Sequential 생성자에 레이어 리스트를 전달하여 Sequential 모델을 생성할 수 있습니다.

model = keras.Sequential(
    [
        layers.Dense(2, activation="relu"),
        layers.Dense(3, activation="relu"),
        layers.Dense(4),
    ]
)

레이어는 layers 속성을 통해 접근할 수 있습니다.

model.layers

결과

[<Dense name=dense, built=False>,
 <Dense name=dense_1, built=False>,
 <Dense name=dense_2, built=False>]

add() 메서드를 통해 Sequential 모델을 증분 방식(incrementally)으로 생성할 수도 있습니다.

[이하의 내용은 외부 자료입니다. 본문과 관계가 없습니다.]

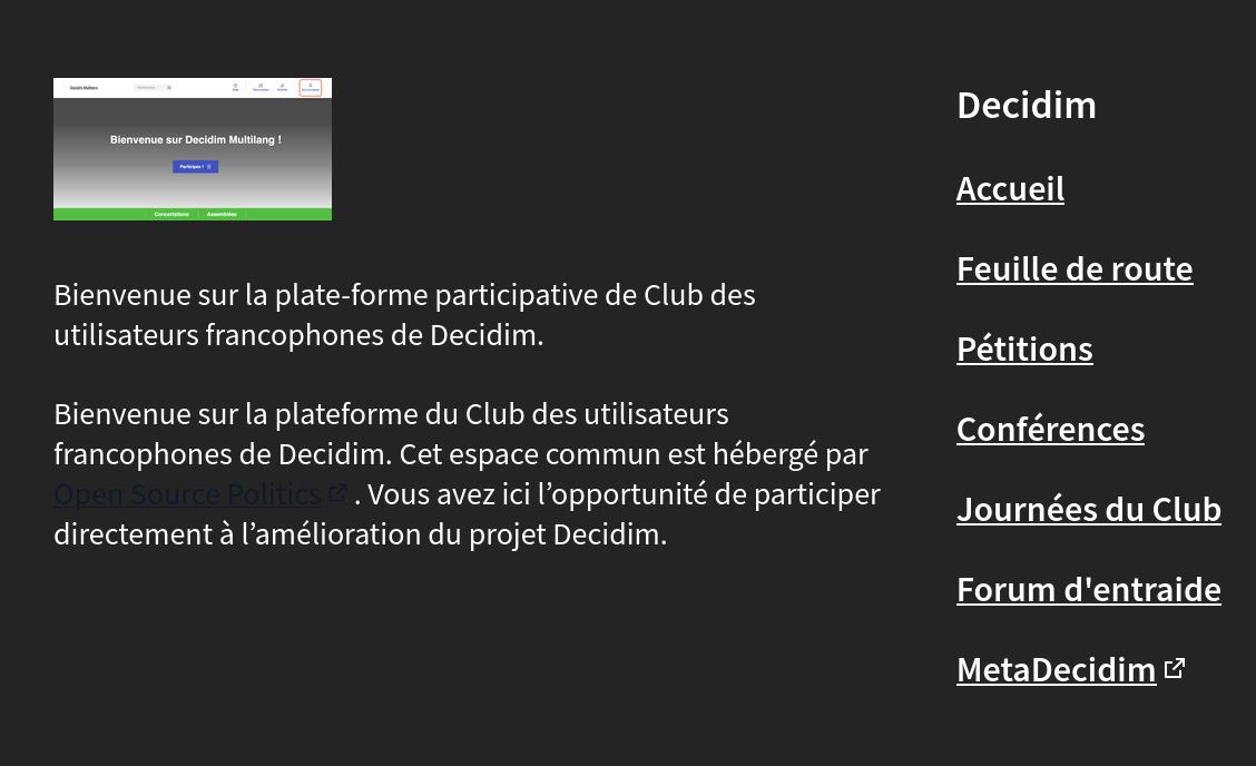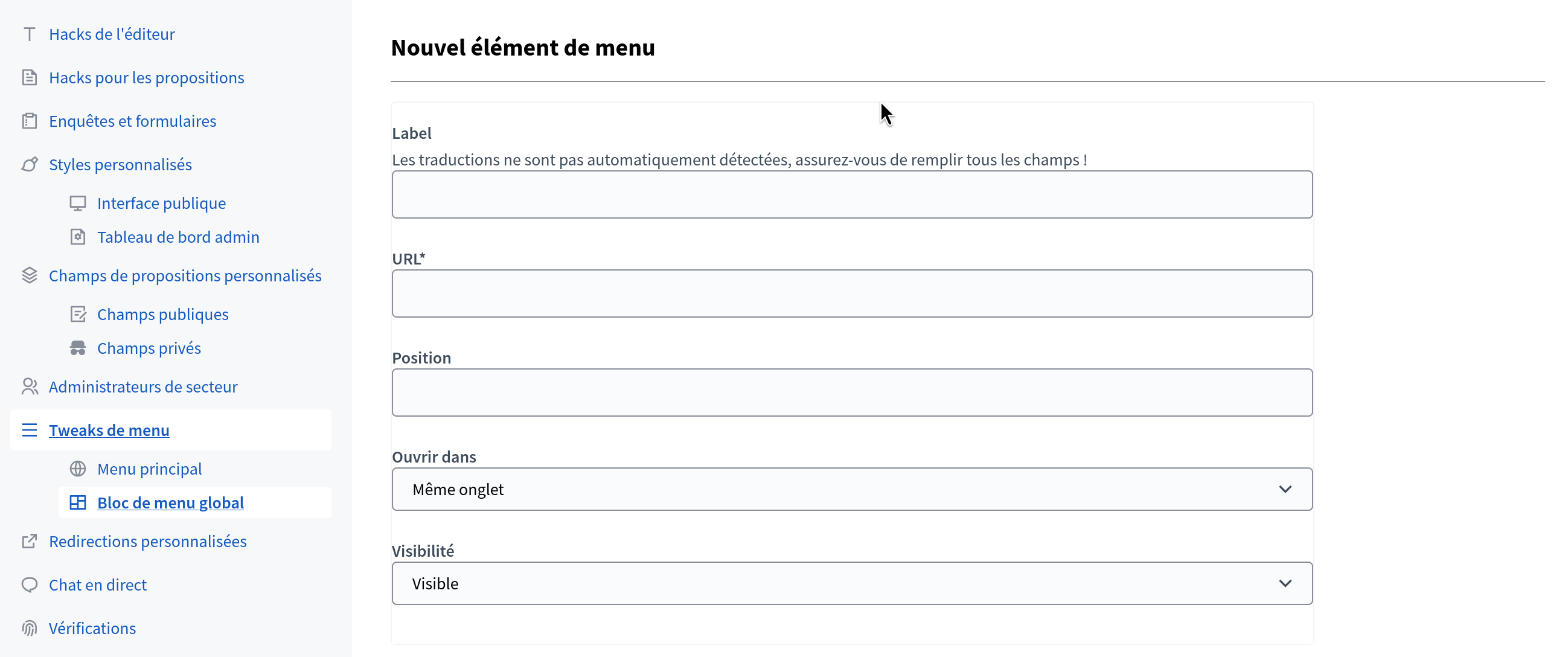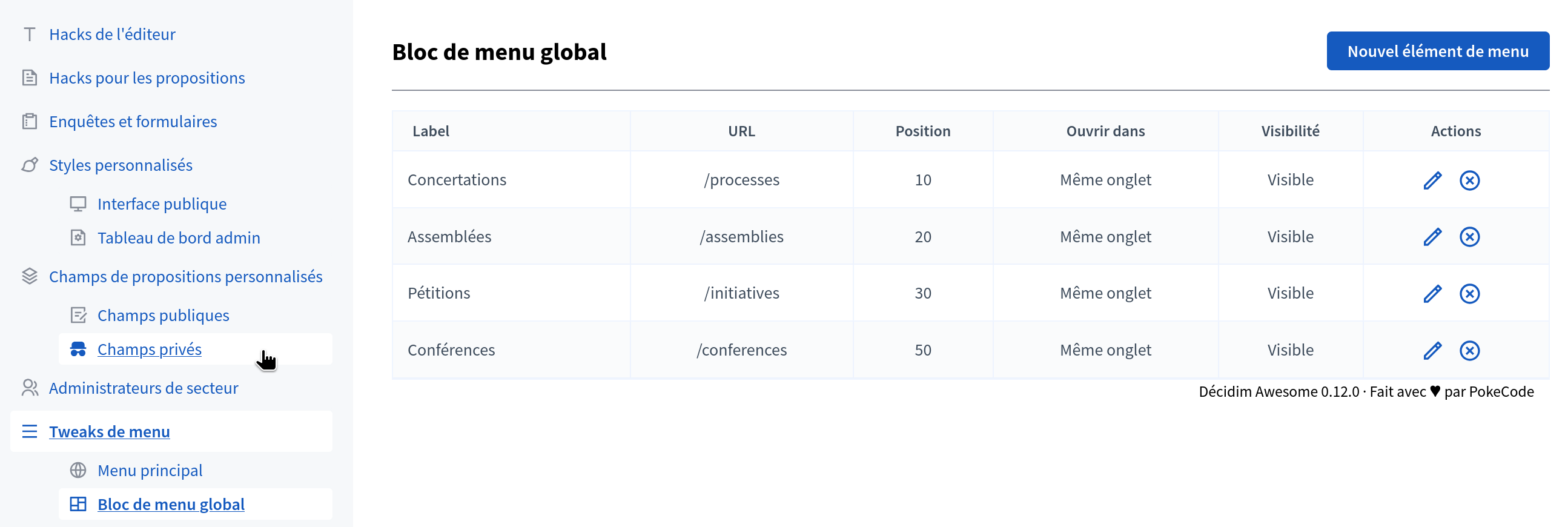 Arès avoir cliqué sur Decidim Awesome dans la barre de navigation latérale, vous avez accès aux "Tweaks de menu"
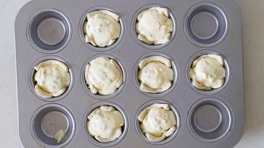 Step3In medium bowl with electric hand mixer or stand mixer, beat cream cheese until smooth. Add cream, eggs, cheese and chives; beat until just combined. Spoon enough of cream cheese mixture into each cup to reach edges of crescent dough (you may have a little cream cheese mixture left over).
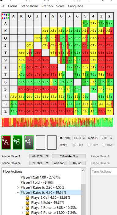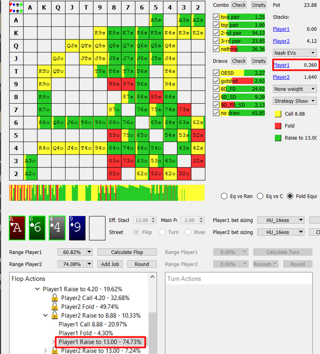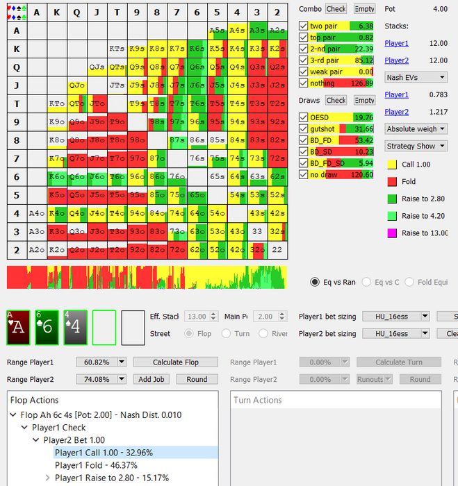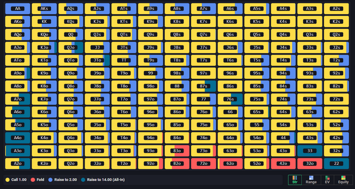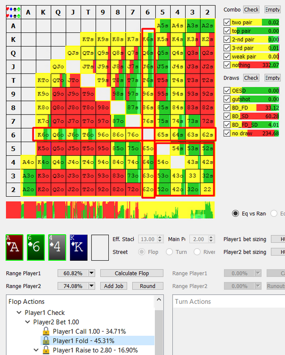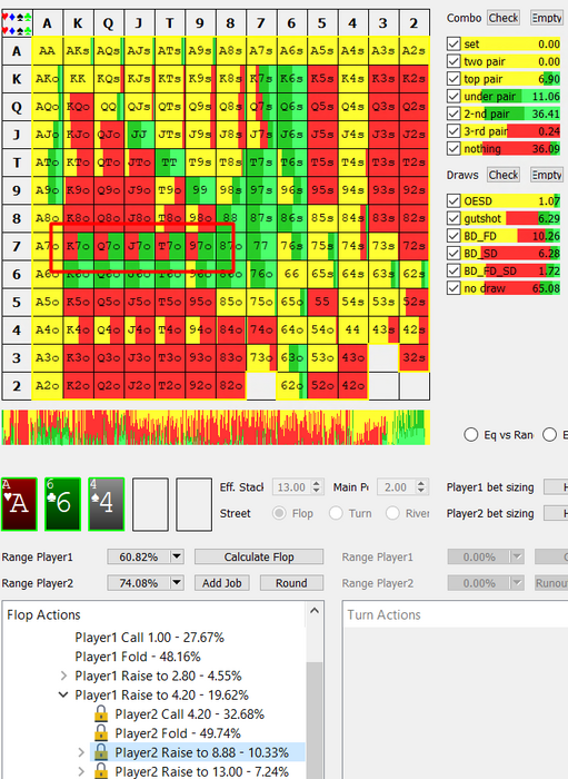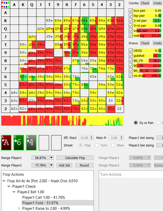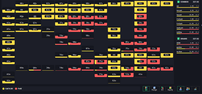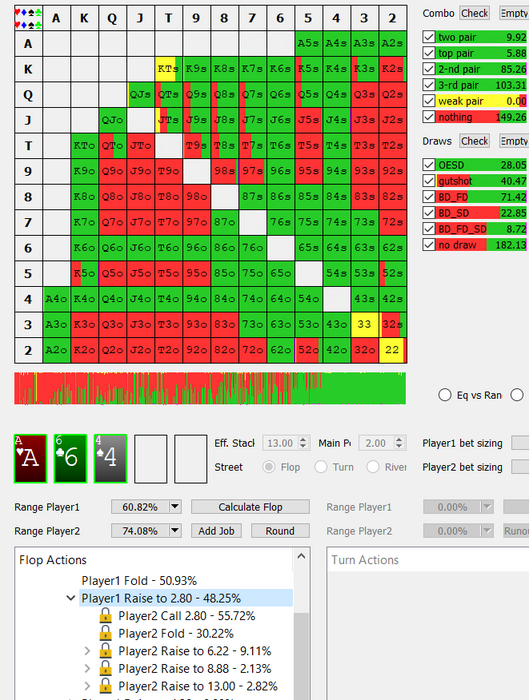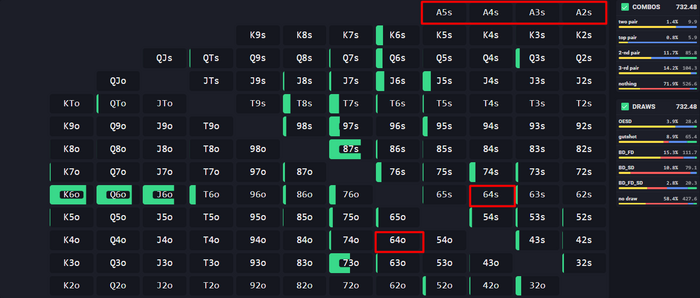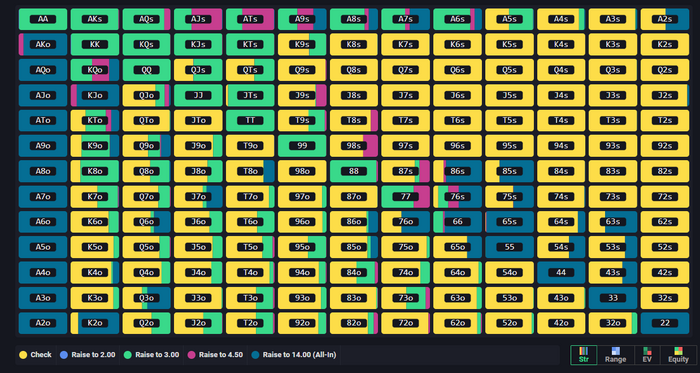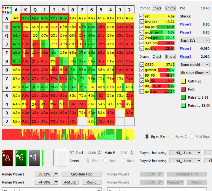 Комментарии о префлопе я назвал несущественными, потому что, даже если действительно убрать все Ах и 64 у ББ и добавить почти все тузы СБ, чекрейз все равно будет иметь смысл. Для того чтобы это продемонстрировать, зададим такой "абсурдный" префлоп диапазон в солвер и посмотрим на то, будет ли он строить Хr.

model = keras.Sequential()
model.add(layers.Dense(2, activation="relu"))
model.add(layers.Dense(3, activation="relu"))
model.add(layers.Dense(4))

레이어를 제거하는 pop() 메서드도 있습니다. Sequential 모델은 레이어 리스트와 매우 비슷하게 동작합니다.

model.pop()
print(len(model.layers))  # 2

결과

또한 Sequential 생성자는 (Keras의 모든 레이어나 모델과 마찬가지로) name 인수를 허용합니다. 이는 의미적으로(semantically) 의미 있는(meaningful) 이름으로 TensorBoard 그래프에 어노테이션 하기에 유용합니다.

model = keras.Sequential(name="my_sequential")
model.add(layers.Dense(2, activation="relu", name="layer1"))
model.add(layers.Dense(3, activation="relu", name="layer2"))
model.add(layers.Dense(4, name="layer3"))

입력 모양을 미리 지정

일반적으로, Keras의 모든 레이어는 가중치를 생성하기 위해 입력의 모양을 알아야 합니다. 따라서 이와 같은 레이어를 만들면, 처음에는 가중치가 없습니다.

layer = layers.Dense(3)
layer.weights  # 비어 있음

결과

[]

입력에 대해 처음 호출될 때 가중치를 생성합니다. 가중치의 모양은 입력의 모양에 따라 달라지기 때문입니다.

# 테스트 입력에 대한 레이어 호출
x = ops.ones((1, 4))
y = layer(x)
layer.weights  # 이제 (4, 3) 및 (3,) 모양의 가중치가 있습니다.

결과

[<KerasVariable shape=(4, 3), dtype=float32, path=dense_6/kernel>,
 <KerasVariable shape=(3,), dtype=float32, path=dense_6/bias>]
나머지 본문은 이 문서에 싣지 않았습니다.